The CSV generated is around 400MB, in all cases it is exactly the same data.

I successfully exported the result of a SQL query using hdbsql and -o option

$periodstr = '202012'
$TargetFile = "OTIF_${periodstr}.csv"
$HanaUserKey = "MAESTRO_VAL"

$CSVDelimiter = '¤'  ## US : User Separator ascii 31
$UserQuotes = "Never"
$encoding = "UTF8"

Measure-Command{hdbsql -U $HanaUserKey -o .\${TargetFile} -I D:\Applications\python\Hana2Hyper\extractors\MAESTRO\sql\OTIF4HDBSQL.SQL -V period=$periodstr -F $CSVDelimiter -x -resultencoding $encoding}

With hdbsql it took 65s to export Network BP used ~40Mbs:

hdbsql export time result

I successfully exported using ODBC (HDBODBC)

$TargetDir = "D:\Applications\python\Hana2Hyper\workdir"
$periodstr = '202012'
$TargetFile = "OTIF_${periodstr}.csv"
$HanaUserKey = "@MAESTRO_VAL"

$SQLQuery = [IO.File]::ReadAllText("D:\Applications\python\Hana2Hyper\extractors\MAESTRO\sql\OTIF4HDBSQL.SQL")
$SQLQuery = $SQLquery.replace('&period',$periodstr)

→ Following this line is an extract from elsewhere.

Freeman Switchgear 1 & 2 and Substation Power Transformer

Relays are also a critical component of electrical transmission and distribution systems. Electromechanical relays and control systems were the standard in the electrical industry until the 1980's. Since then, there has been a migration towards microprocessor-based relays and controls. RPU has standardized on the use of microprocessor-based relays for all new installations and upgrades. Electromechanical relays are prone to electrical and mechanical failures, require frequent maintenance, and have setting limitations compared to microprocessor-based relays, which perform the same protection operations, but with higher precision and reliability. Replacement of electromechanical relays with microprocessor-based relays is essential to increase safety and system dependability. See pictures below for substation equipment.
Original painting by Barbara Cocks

$CSVDelimiter = 31  ## US : User Separator ascii 31
$UserQuotes = "Never"
$encoding = "UTF8"

$conn = new-object System.Data.Odbc.OdbcConnection
$conn.connectionstring = "Driver={HDBODBC};SERVERNODE=${HanaUserKey};PACKETSIZE=2097152; PREFETCH=TRUE"
$conn.Open()
$cmd = New-object System.Data.Odbc.OdbcCommand($SQLQuery,$conn)
$dset = New-Object System.Data.DataSet
$adap = New-Object System.Data.Odbc.OdbcDataAdapter($cmd)
Measure-Command{$nrr = $adap.fill($dset)}
Write-Output "Dataset Records selected: ${nrr}"

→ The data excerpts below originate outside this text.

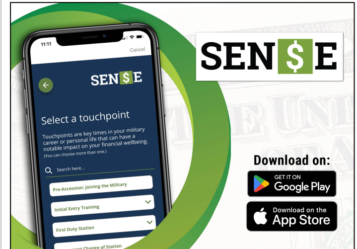
Alt text: Mobile device screen showing Sen$e touchpoints

Who said personal finance apps can't be fun? Grow your financial knowledge by spending a few minutes each day unlocking time and touchpoint badges in Sen$e. Start earning yours today!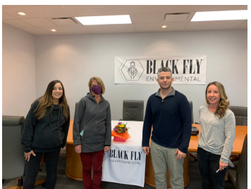
Delivering Flowers to ABAD Nominees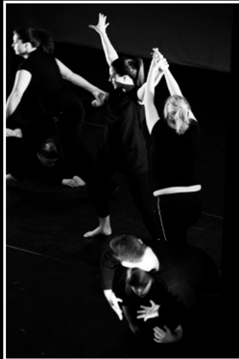
New Rhythms, Interlinked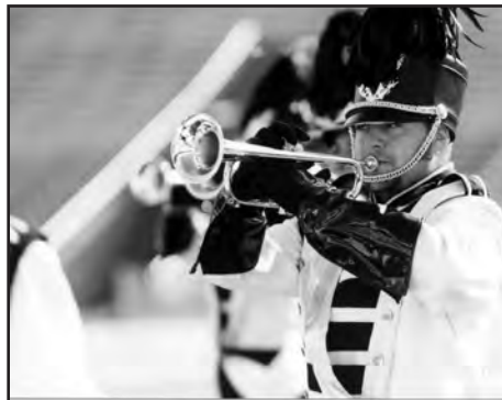
WEST COAST SOUND, San Diego, CA (1999).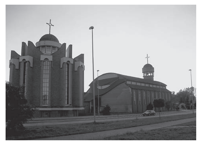
Fig. 6. Fatima Mother of Jesus Chapel and Immaculate Heart of Blessed Virgin Mary Church, Słoneczne housing estate, Szczecin.

#Powershell 7 for UseQuotes
Measure-Command{Export-Csv -InputObject $dset.tables[0] -Path ${TargetDir}\${TargetFile} -Delimiter $CSVDelimiter -noTypeInformation -UseQuotes $UserQuotes -encoding $encoding}

$conn.Close()

it took 57s to export data to a dataset and 1.2s to write the dataset to csv : 58s (faster that hdbsql), Network BP used : ~50Mbs

HDBODBC export time result

We also successfully export using python (sqlalchemy + hdbcli) and pandas dataframes in about 35s (Network BP ~90 Mbs). We tried to change some parameters for ODBC/hdbcli like PACKETSIZE=2MB or PREFETCH=TRUE, without improving the cli extraction

And finally I successfully exported the same data that i had previously writen to a table (the create as select took 6s) using HANA Studio

Export using SAP HANA Studio Step 1 Export using SAP HANA Studio Step 2

it took 16s to received the data : more than 3x better !! Network BP used 500Mbs !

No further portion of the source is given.